I wanted to get a quick fix out there ASAP, so the above change was good enough for now, however, during my investigations I found out about the Thumb instruction set.

Basically, Apple CPUs understand two instructions sets, the normal ARM instructions and a reduced size instruction set called Thumb.  The one limitation of the Thumb instruction set is that it has poor floating point performance.  So you trade off slower floating point for smaller executable size.

To complicate matters though, Apples armv7 processors support Thumb-2, which has good floating point performance.

The solution appears to be to add a build setting that builds the ARM instructions for armv6 devices for older devices, but uses Thumb-2 for the new armv7 devices.

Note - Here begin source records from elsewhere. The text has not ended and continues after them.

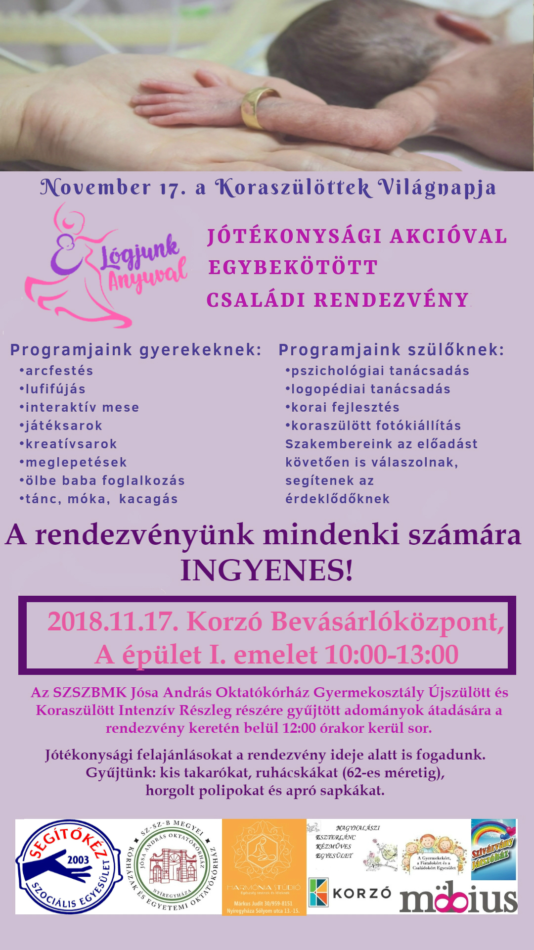 A koraszülöttek világnapján a "Lógjunk Anyuval!" elnevezésű formáció, nagyszabású jótékonysági akcióval egybekötött családi napot szervez a Korzó Bevásárlóközpontban, a Jósa András Oktatókórház Újszülött és Koraszülött Intenzív Részlegén erősödő csöppségek támogatására. A november 17-én, szombaton tíz órakor kezdődő rendezvény célja, felhívják a figyelmet egy olyan égető problémára, mely mellett nem hunyhatunk szemet. A koraszülöttek hatalmas csatájában, melyet az életben maradásért ví
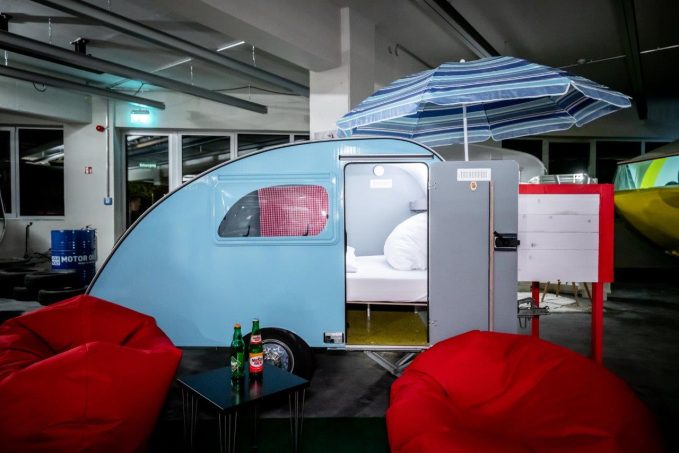 Depuis octobre 2021 le centre de la cité touristique de Triberg, la capitale du coucou, abrite un concept de camping étonnant où l’on ne dort pas à l’extérieur, mais à l’intérieur ! Comme le raconte avec passion Laura Heim, conceptrice du projet :« Le bâtiment était vide et disponible. La question s'est posée de savoir s'il était possible de l'utiliser à des fins touristiques. Je voulais faire un hôtel, car dans la commune il n' y a pas beaucoup d’espace pour créer un grand camping. Au rez de chaussée, on trouve une quinzaine de caravanes qui peuvent accueillir jusqu'à 42 personnes. À l'étage, des cabanes et des tentes Safari recoivent jusqu'à 30 personnes. Ambiance rétro avec une grande majorité d’anciens modèles de caravanes comme les Camper 1 et Camper 2 qui datent des années 70, ou l’Hymer Eriba.
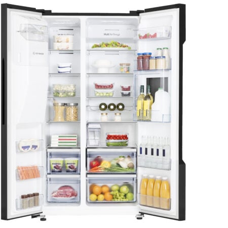Hisense RS694N4BBF. Apparaatplaatsing: Vrijstaand, Productontwerp: Amerikaanse deur, Kleur van het product: Zwart. Totale nettocapaciteit: 560 l, Klimaatklasse: SN-T, Geluidsemissieklasse: C. Nettocapaciteit koelkast: 369 l, Soort lamp: LED. Nettocapaciteit vriezer: 191 l, Vriezer positie: Ernaast, Vriescapaciteit: 11 kg/24u. Energie-efficiëntieklasse: F, Jaarlijks energieverbruik: 404 kWu, Netbelasting: 260 W
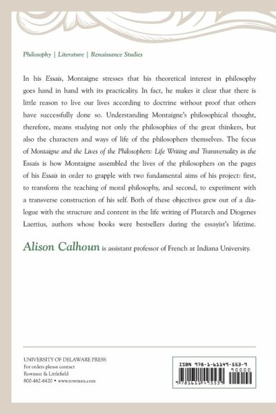 This book rethinks Montaigne's philosophical thought in terms of transversality by investigating the essayist's debt to ancient life writers Diogenes Laertius and Plutarch. Its scope is of interest to scholars of ancient and early modern life writing, ancient and early modern philosophy, as well as scholars of early modern literary history.
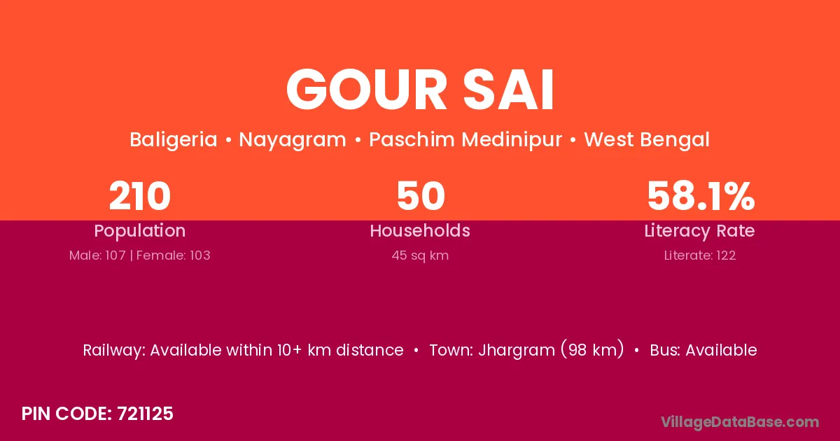 Jhargram (98 km) is the nearest town to Gour Sai village for major economic activities and is located approximately 98 km away.
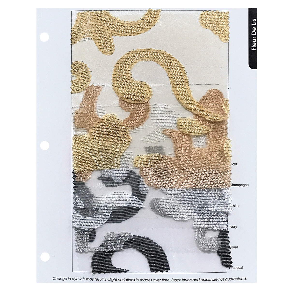 Fabric Collection: This material is a sheer Jacquard embroidery of our Fleur De Lis design throughout.
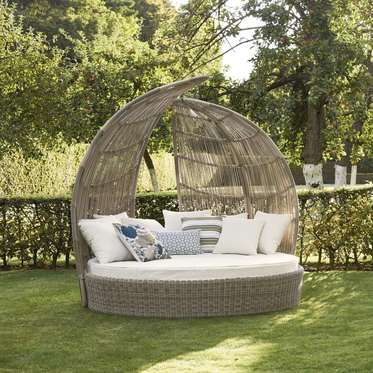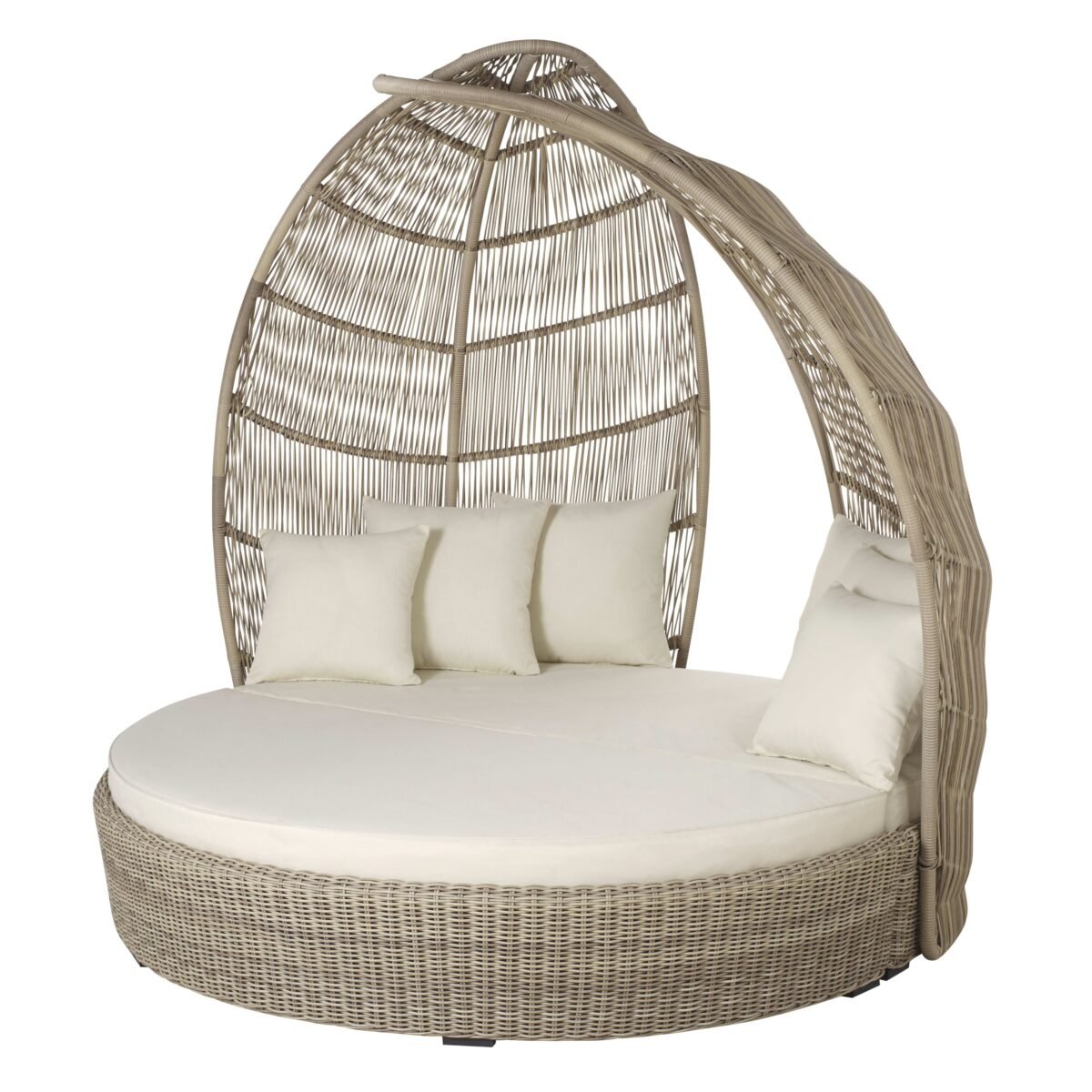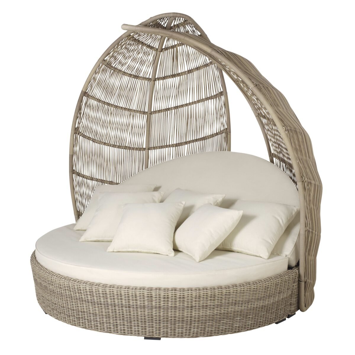 - Allongé confortablement entre ses coussins (résistants aux UV et déperlants) et protégé sous sa structure haute tressée, vous plongerez dans des instants de détente absolue.
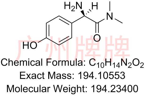 CAS No:N/A ||Chemical Formula:C10H14N2O2 ||Molecular Weight:194.23400 ||Exact Mass:194.10553||(R)-2-amino-2-(4-hydroxyphenyl)-N,N-dimethylacetamide
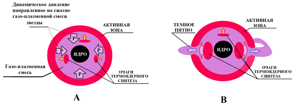 (рисунок № 2.3-A). Под действием этого динамического давления образуются очаги термоядерного синтеза в виде высокоэнергетической плазмы. Эти очаги термоядерного синтеза поднимаются в верхние слои звезды, пополняя активную зону высокоэнергетической плазмой. Пополнение активной зоны высокоэнергетической плазмой необходимо, т.к. происходит ее излучение с поверхности звезды в космос. Это излучение высокоэнергетической плазмы создает корону, переходящую в звездный ветер и гелиосферу звезды. Горячая газо-плазменная смесь стремиться расширится, но гравитация и динамические процессы, происходящие в активной зоне, удерживают газо-плазменную смесь в объеме звезды. В этом случае активная зона является плазменной оболочкой звезды. Плазменная оболочка звезды является не жесткой. Это свойство не жесткости оболочки, предохраняет звезду от разрушения, при мощных термоядерных взрывах внутри звезды рис. № 2.3-B. Рассмотрев конструкцию звезды, мы видим сходство с конструкциями теплового котла и ядерного реактора. В случае возникновения критических параметров в тепловом котле, происходит сброс давления, через предохранительные клапана. Предохранительные клапана, предохраняют тепловой котел от разрушения. В урановых реакторах, из-за опасности попадания радиоактивного вещества в окружающую среду, таких предохранительных клапанов нет. В случае аварийного выделении энергии, в урановых реакторах, происходит тепловой взрыв и разрушение реактора. В конструкции звезды существует защита от разрушения, при выделении в звезде критической энергии. Оболочка звезды состоит из высокоэнергетической плазмы и является не жесткой. При критическом выделении энергии, внутри звезды, критическое давление газо-плазменной смеси прорывает плазменную оболочку, образуя «темные пятна» на поверхности звезды. Через темные пятна происходит сброс критической энергии в космическое пространство. Темные пятна на поверхности звезды являются «предохранительными клапанами» для звезды. То есть, активная зона звезды является:
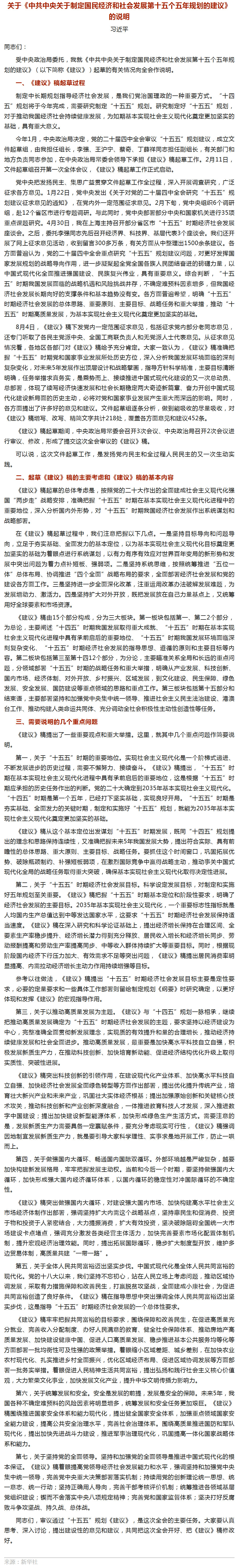 习近平:关于《中共中央关于制定国民经济和社会发展第十五个五年规划的建议》的说明|湖南省机械工业协会
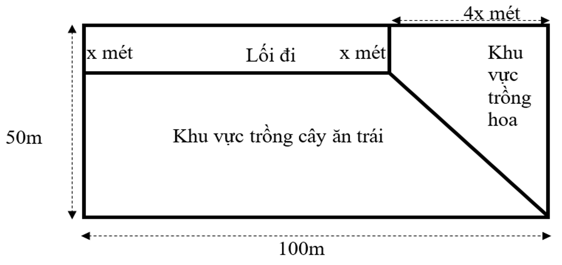 Một khu vườn hình chữ nhật có chiều dài 100m, chiều rộng 50m. Người ta làm một lối đi có dạng hình chữ nhật, khu vực trồng hoa có dạng hình thang vuông, còn lại là khu vực trồng cây ăn trái với kích thước như hình vẽ bên dưới.
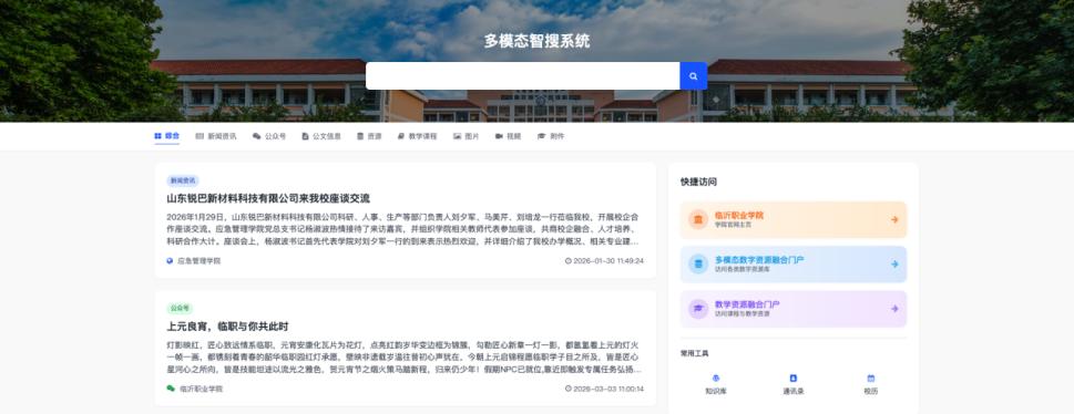●智搜门户:支持校内多套业务系统与第三方平台资源的统一汇聚融合,通过栏目分类有序展示、综合检索精准查询,并提供分类浏览,实现全域资源集中管理,支持用户一站式查阅校内资讯、公众号内容、公文信息、教学课程等各类相关内容。
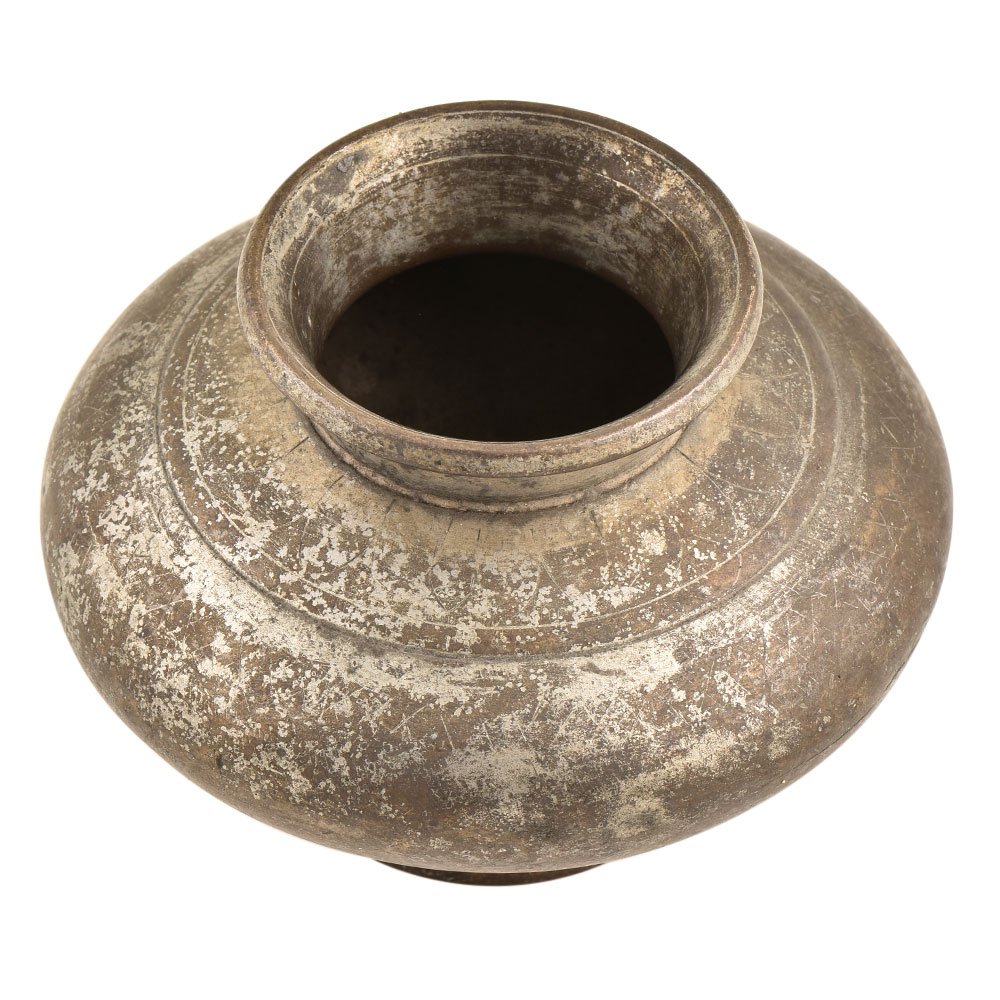 The hand crafted water pot has a wonderful shape with a bottom rim for support, a large belly to hold water a small neck and mouth on the top of the neck to receive water. It a visual interest at home with this vintage piece. This is an attractive addition to your old, wooden dining table or as a showpiece on the corner shelf.
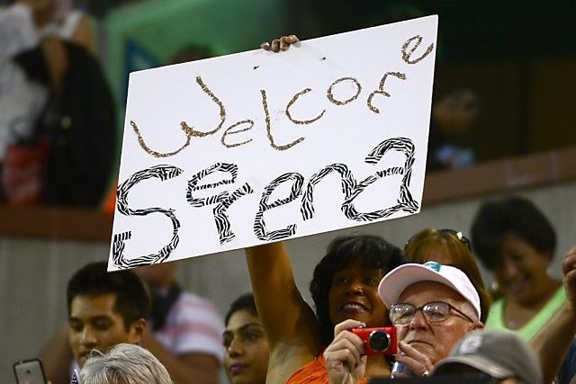 14 Jahre lang hatte Serena Williams das Frauenturnier in Indian Wells boykottiert, nachdem sie 2001 im Final als 19-Jährige ausgepfiffen und gemäss eigenen Ansichten rassistisch beleidigt worden war. Die Rückkehr fiel nun wesentlich freundlicher aus. Bereits am Eingang standen Fangruppen mit Plakaten, auf denen «Welcome back Serena» stand. Beim Einlauf ins allerdings nicht vollbesetzte Stadion wurde die inzwischen 19-fache Grand-Slam-Siegerin mit einer Standing Ovation begrüsst. Überbordend war die Stimmung allerdings nicht, das Rentnerparadies in der kalifornischen Wüste ist definitiv nicht New York. Dennoch kämpfte die Amerikanerin schon vor Spielbeginn mit den Tränen.
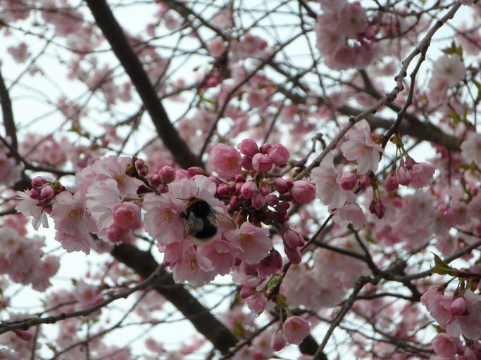 Keywords: hummel sprinkle ornamental cherry blossom bloom close flowers pink spring flight insect pollen nectar collect bloom

I don’t yet know if building for the ARM instruction set on armv6 devices will fix my code generation problem, but I’ll be giving it a try sometime soon.

Lesson Learned

From now on, when I am in the final testing phase, I will test with the Optimization Level set to Fastest, Smallest [-Os] in Debug mode to more closely simulate the code that will be generated & running on the user’s device.

Hopefully this will allow me to catch this type of problem in the future before it gets into customers hands.

Of course if would also be nice if Apple were to fix this code generation bug in Xcode, but given that they are not even updating iOS for these older devices, I don’t expect that they will put much effort behind this.